Data to examine Block Start
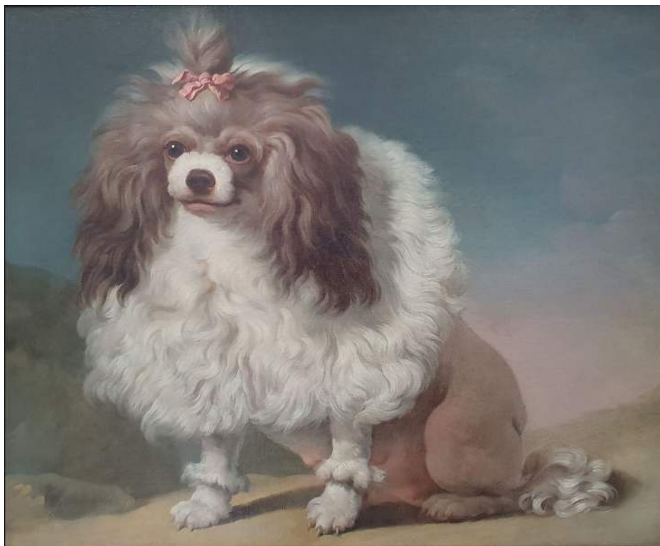
Image: attributed to Jean-Jacques Bachelier (France, 1742-1806), Portrait of a dog (possibly a Löwchen) c. 1790, oil on canvas. TDRF 1371.
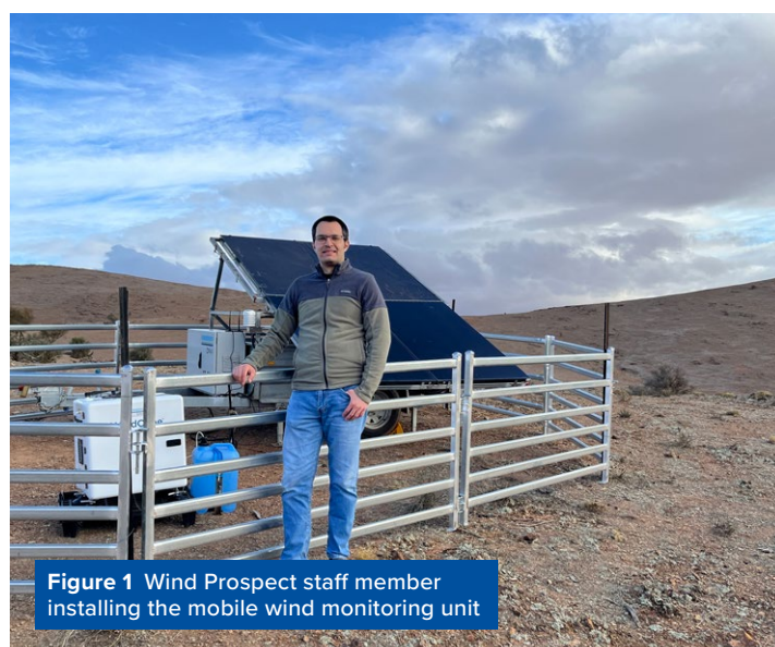
Figure 1 Wind Prospect staff member installing the mobile wind monitoring unit

The project's wind monitoring regime continues, with 18 months of data now having been recorded from the two 130m masts installed in November 2022. The two masts are providing key data on wind speeds and directions that will be used in the selection of wind turbine models and final positioning of turbine locations. The data from these masts is being supported by the recent acquisition of two LiDAR (Light Detection and Ranging) wind monitoring units. These units will support the wind model that is used in the detailed design of the wind farm, and the final investment decision for the project, which would follow the project approvals processes if successful.
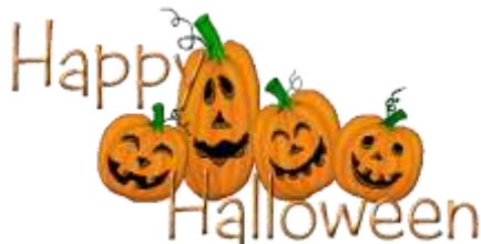
Iris Orellana Regent
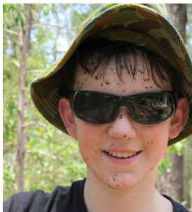
A baptism of mud!
Data to examine Block End
- Problem description: Return the entries above exactly as they appear. Pictures should not be copied.

- Your response:
Image: attributed to Jean-Jacques Bachelier (France, 1742-1806), Portrait of a dog (possibly a Löwchen) c. 1790, oil on canvas. TDRF 1371.
Figure 1 Wind Prospect staff member installing the mobile wind monitoring unit

The project's wind monitoring regime continues, with 18 months of data now having been recorded from the two 130m masts installed in November 2022. The two masts are providing key data on wind speeds and directions that will be used in the selection of wind turbine models and final positioning of turbine locations. The data from these masts is being supported by the recent acquisition of two LiDAR (Light Detection and Ranging) wind monitoring units. These units will support the wind model that is used in the detailed design of the wind farm, and the final investment decision for the project, which would follow the project approvals processes if successful.
Iris Orellana Regent
A baptism of mud!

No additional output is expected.